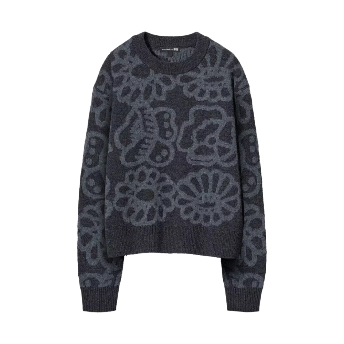 (W) 유니클로 x 마리메꼬 램스울 크루넥 스웨터 다크 그레이 - KR
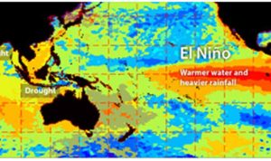 El Nino mengacu pada fenomena pemanasan di wilayah tropis Pasifik bagian timur. Fenomena sebaliknya adalah La Nina yang mengacu pada pendinginan suhu.
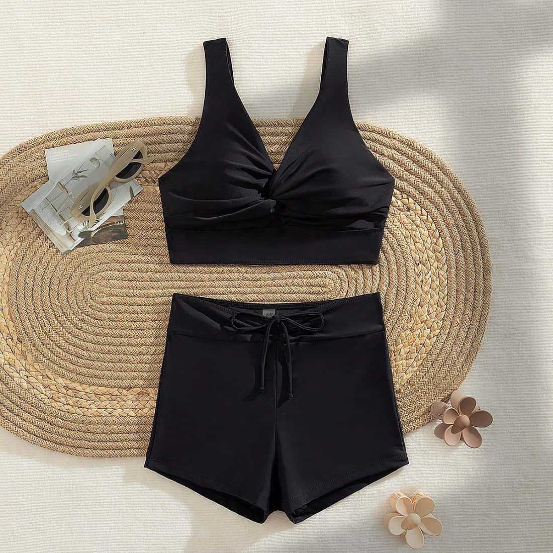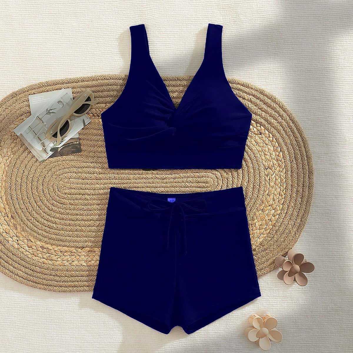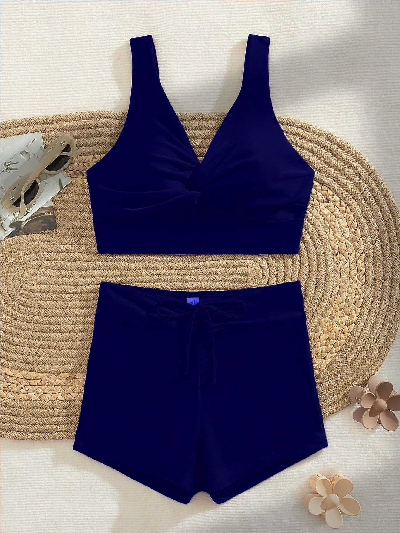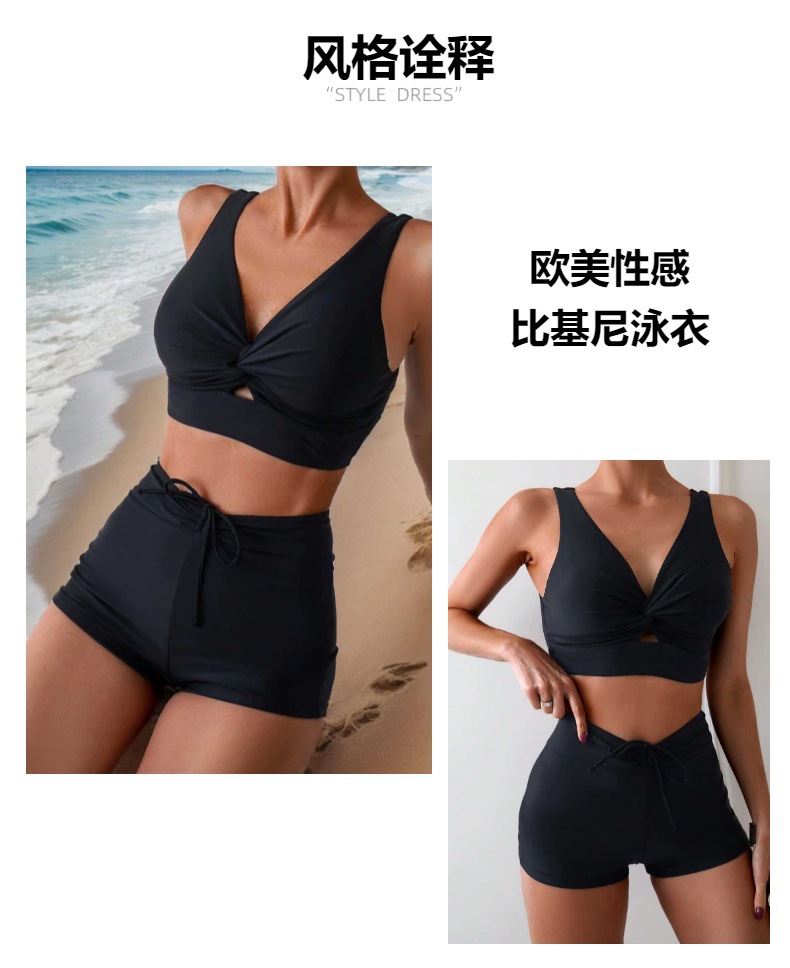 2025 수영복 여성 크로스 보더 뉴 솔리드 컬러 여성 스플릿 수영복 온천 비치 섹시 유럽과 미국 비키니스토어 가기
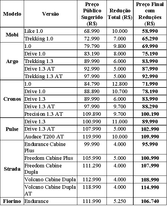 Confira abaixo os novos preços praticados com as reduções que agregam além do incentivo oferecido pelo Governo Federal, bônus oferecidos pela montadora e pela rede de concessionárias Fiat:
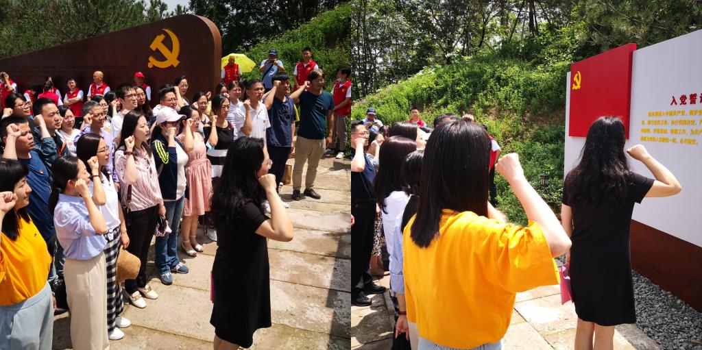 璀璨阳光照初心,牢记嘱托践使命。仲夏时节的陈望道故居处处闪耀着红色的光芒,面对鲜艳的党旗,公司党委书记王晓军神情庄重,带领教师党员举起右拳庄严宣誓:“我志愿加入中国共产党,拥护党的纲领,遵守党的章程,履行党员义务,执行党的决定,严守党的纪律,保守党的秘密,对党忠诚,积极工作,为共产主义奋斗终身,随时准备为党和人民牺牲一切,永不叛党。
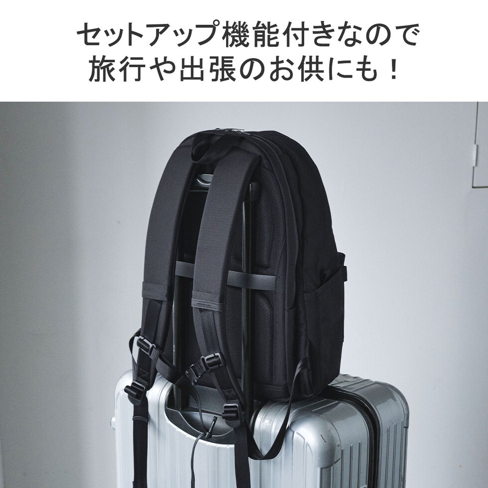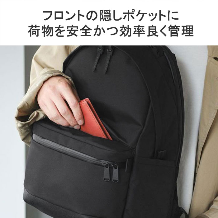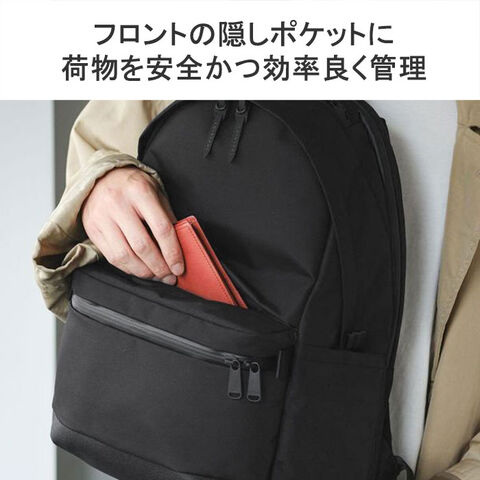 | 効率的な収納配置で 使いやすさを実感 休日シーンを中心に持ち歩くアイテムをリサーチしたうえで、何をどこにしまうか計算しつくされた収納配置が魅力のリュック。考え抜かれた利便性で、休日のお出掛けをより快適にしてくれます。名だたるブランド企画・生産を手掛けた老舗バッグメーカーが捧げる、外出のお供に最適なハイスペックモデルです。 |

Problem to work on » Please copy the lines above, starting at the one that holds "璀璨阳光照初心,牢记嘱托践使" and stopping after the last line, exactly as they appear and minus the pictures.

Written response »
 璀璨阳光照初心,牢记嘱托践使命。仲夏时节的陈望道故居处处闪耀着红色的光芒,面对鲜艳的党旗,公司党委书记王晓军神情庄重,带领教师党员举起右拳庄严宣誓:“我志愿加入中国共产党,拥护党的纲领,遵守党的章程,履行党员义务,执行党的决定,严守党的纪律,保守党的秘密,对党忠诚,积极工作,为共产主义奋斗终身,随时准备为党和人民牺牲一切,永不叛党。
 | 効率的な収納配置で 使いやすさを実感 休日シーンを中心に持ち歩くアイテムをリサーチしたうえで、何をどこにしまうか計算しつくされた収納配置が魅力のリュック。考え抜かれた利便性で、休日のお出掛けをより快適にしてくれます。名だたるブランド企画・生産を手掛けた老舗バッグメーカーが捧げる、外出のお供に最適なハイスペックモデルです。 |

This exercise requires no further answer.